The index is down about 0.9% for the week and is set for its largest weekly percentage decline since May 2021, ending a six-month rally.
NewsBeatng reports that the US dollar has had a tough second week of January. It has been difficult to prevent a sharp sell-off of the dollar as a result of remarks made by Federal Reserve policymakers in speeches on Capitol Hill and testimonies before Congress.
The release of US dollar selling began earlier this week as Fed Chair, Jerome Powell gave his testimony at his nomination hearing. As a result of Tuesday’s December US inflation report (CPI), the DXY index went down another leg.
Despite this, today’s US dollar price has settled near critical support around testimony from incoming Fed Vice Chair, Lael Brainard.

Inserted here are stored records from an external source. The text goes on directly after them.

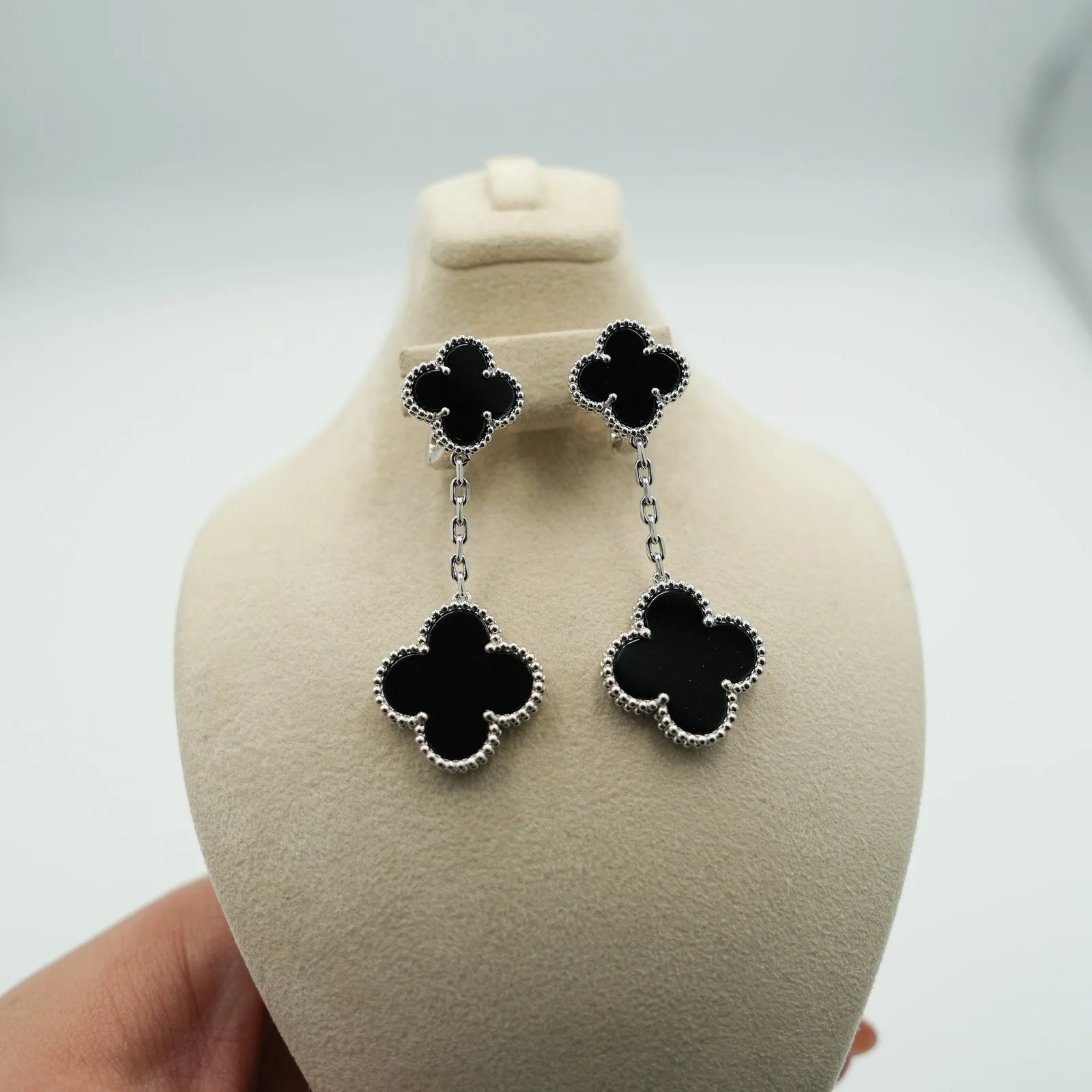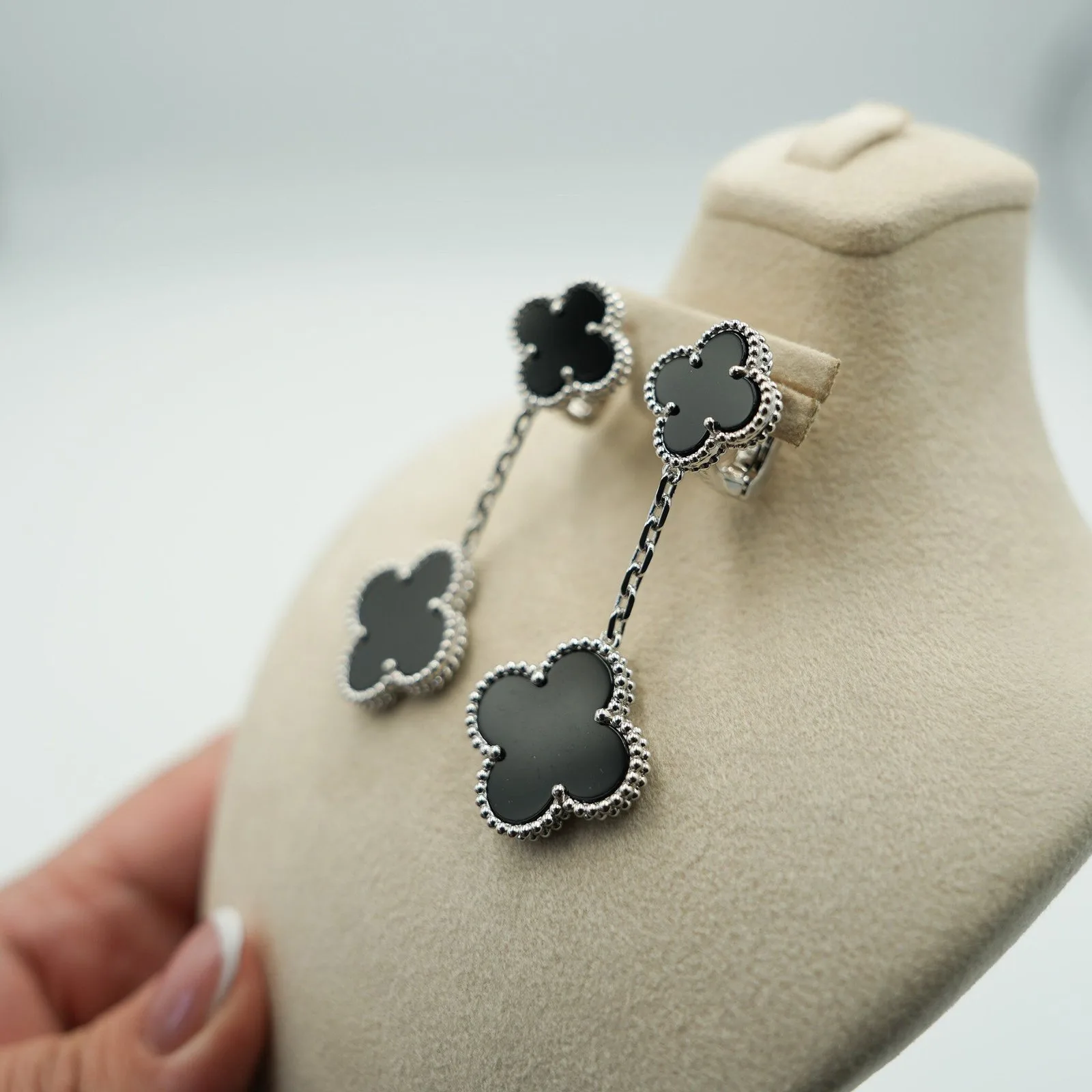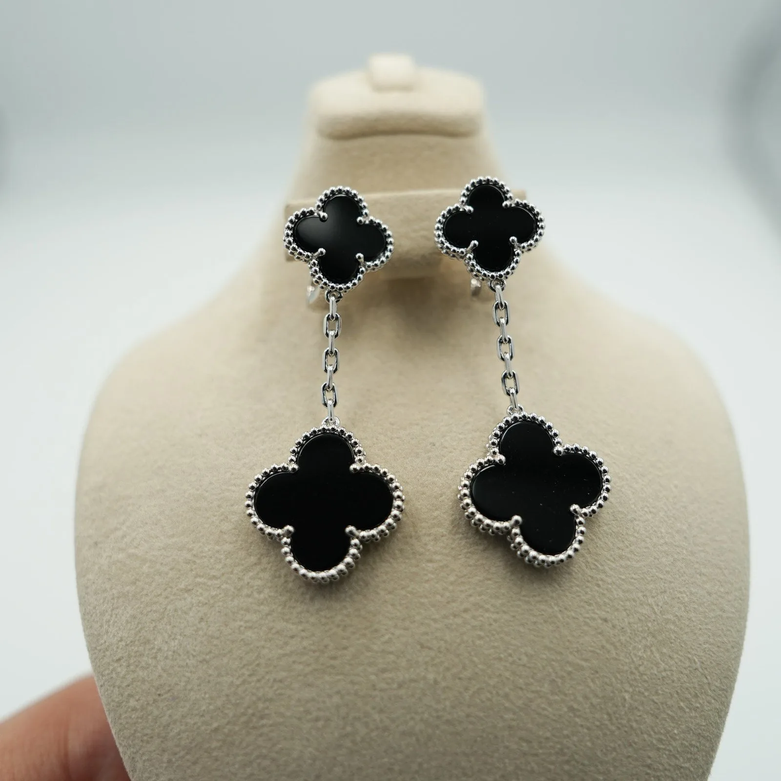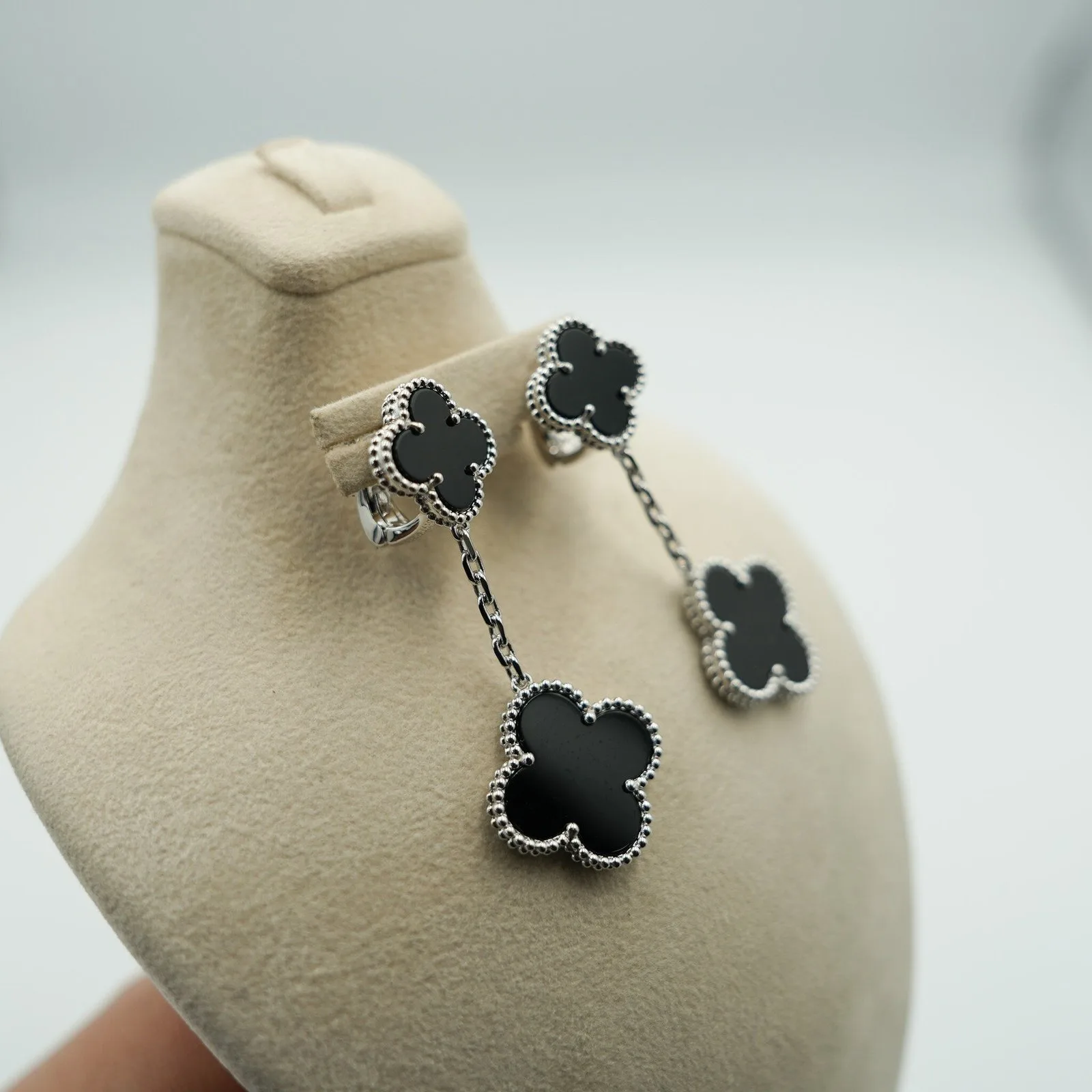 Jet-black onyx paired with 18K white gold — high contrast that reads sharp from across the room. Two clover motifs per stud with push-back posts, the polished obsidian-dark faces catching every nearby light source as a mirror flash. Compact enough for daily wear but bold enough for evening. Anchor the neckline in dark polish with the Onyx Clover Necklace – 10 Motif.
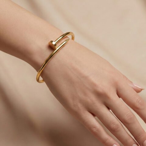 Anti‑Tarnish Gold Plated Nail Cuff Bracelet | Modern Minimal Luxury Bracelet for Women
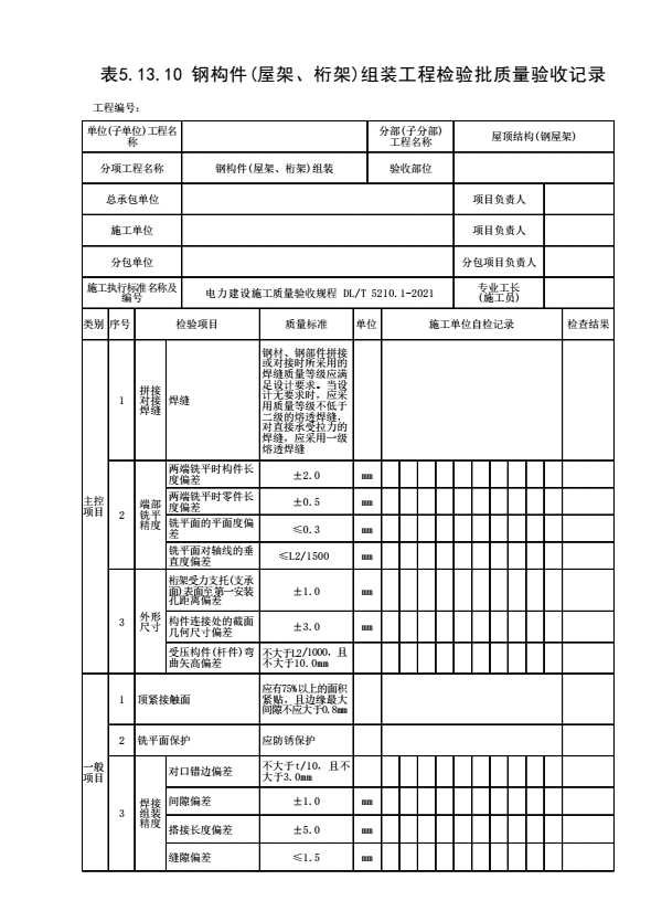 表格名称:表5.13.10 钢构件(屋架、桁架)组装工程检验批质量验收记录
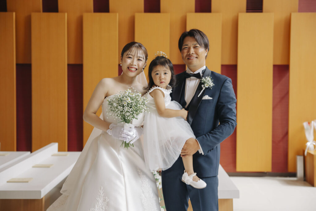 3才のかわいい娘さんと一緒に迎えた結婚式。
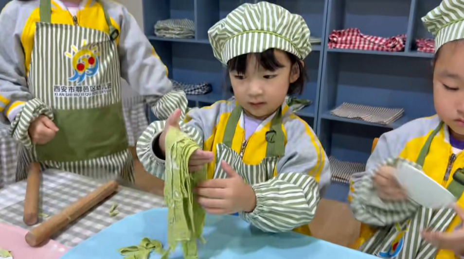 11月20日,记者走进鄠邑区幼儿园里看到,一群萌娃熟练地系上围裙,套上袖套,戴上厨师帽,变身“小小美食家”,在充满烟火气的小厨房里开启了奇妙的劳动探索之旅。在老师的指导下,从择菜、洗菜、榨汁到和面、擀面,现场忙碌有序,小厨师们的操作也有模有样,运用揉、擀、切、扯等技巧将手中的面团揉圆、擀开、切条,制作成可口的美食。除了菠菜面、麻食,月饼、粽子、水果捞、红薯干等都是孩子们的“创作素材”。老师们从各类食材的特点、用途,到精确的配比,再到复杂的制作流程,每一个细节都毫无保留、细致入微地传授给孩子们。
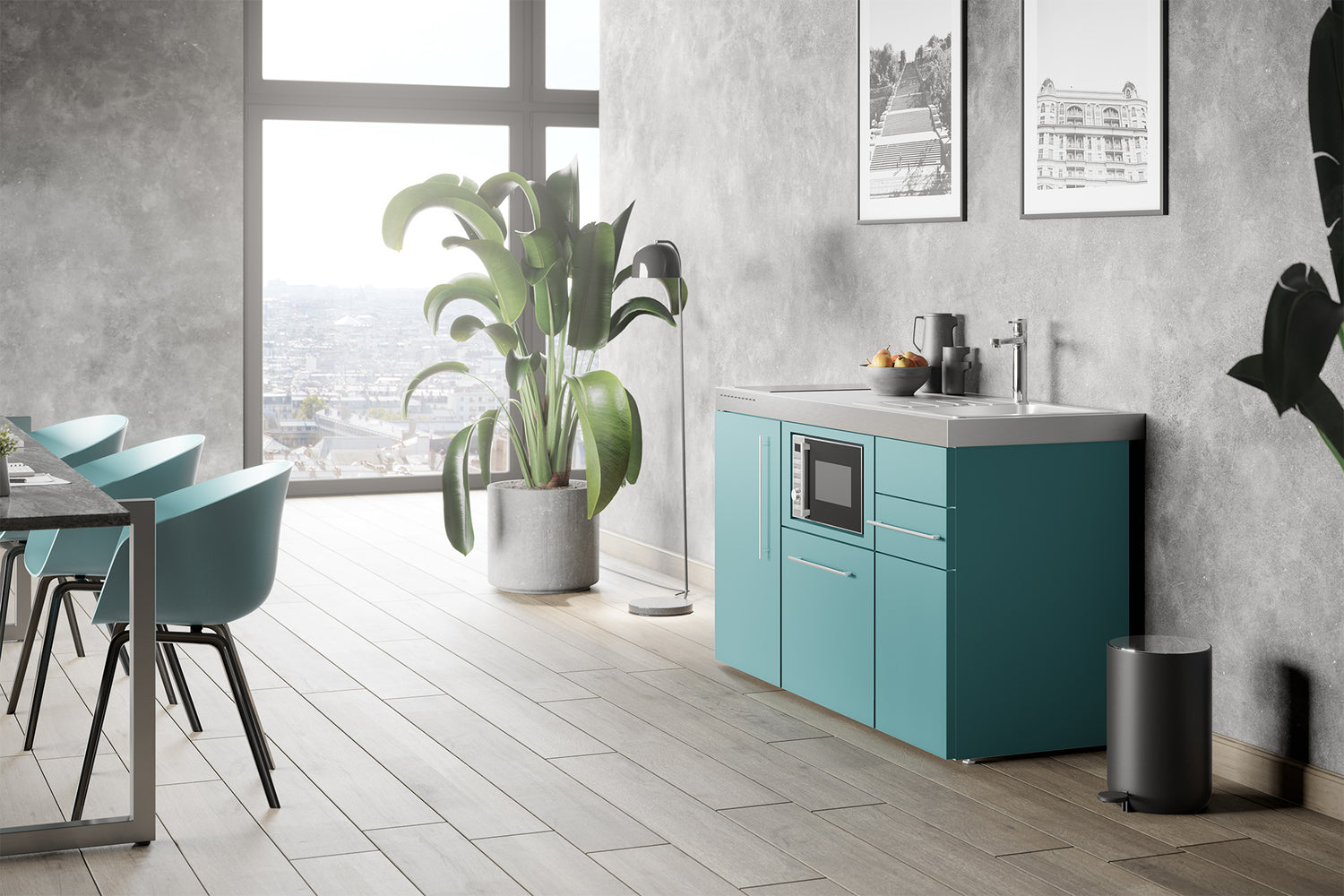 Da oggi tutte le nostre minicucine in acciaio della linea DESIGNLINE e PREMIUMLINE sono disponibili in questa bellissima nuance di turchese (RAL 210 50 15). E' un colore fresco e giovane...
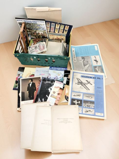 Musical and other ephemera, framed military pictures and prints, football programmes. (1 box)
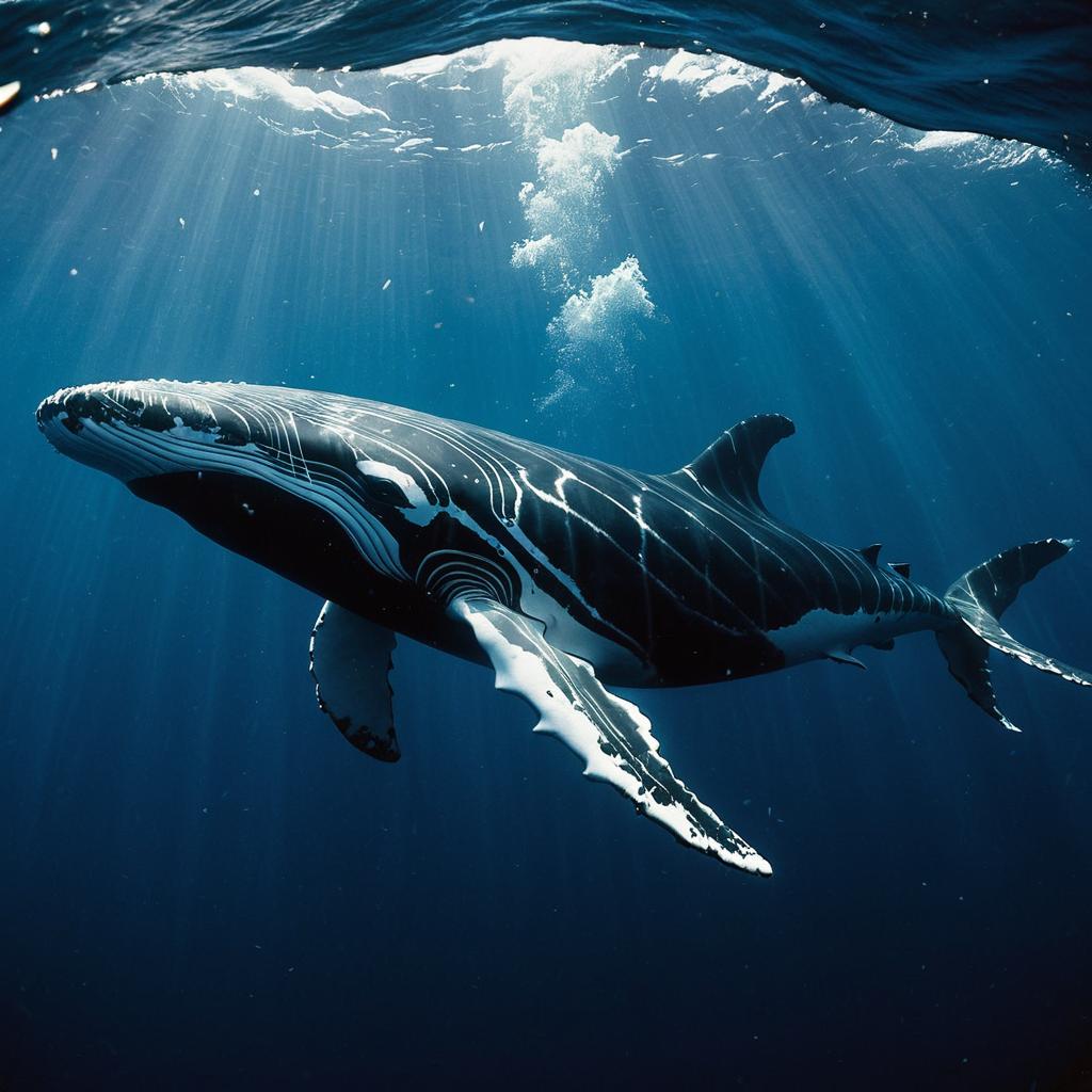 Ice painting of glacier whale in an icy ocean expanse, featuring intricate ice textures and glacial details in a magical atmosphere.

Brainard’s remarks were very much of the ‘goldilocks’ variety, much like those of Fed Chair Powell: optimistic about the pace of the labour market recovery, but concerned about persistently high prices.
“We are experiencing the strongest rebound in growth and the lowest unemployment rate of all the recoveries in the past five decades,” Brainard said as she noted that “inflation is too high.”
Investors seem to be signalling that ending quantitative easing, hiking rates four times, and introducing quantitative tightening all within nine months of each other is so aggressive that it limits further hikes.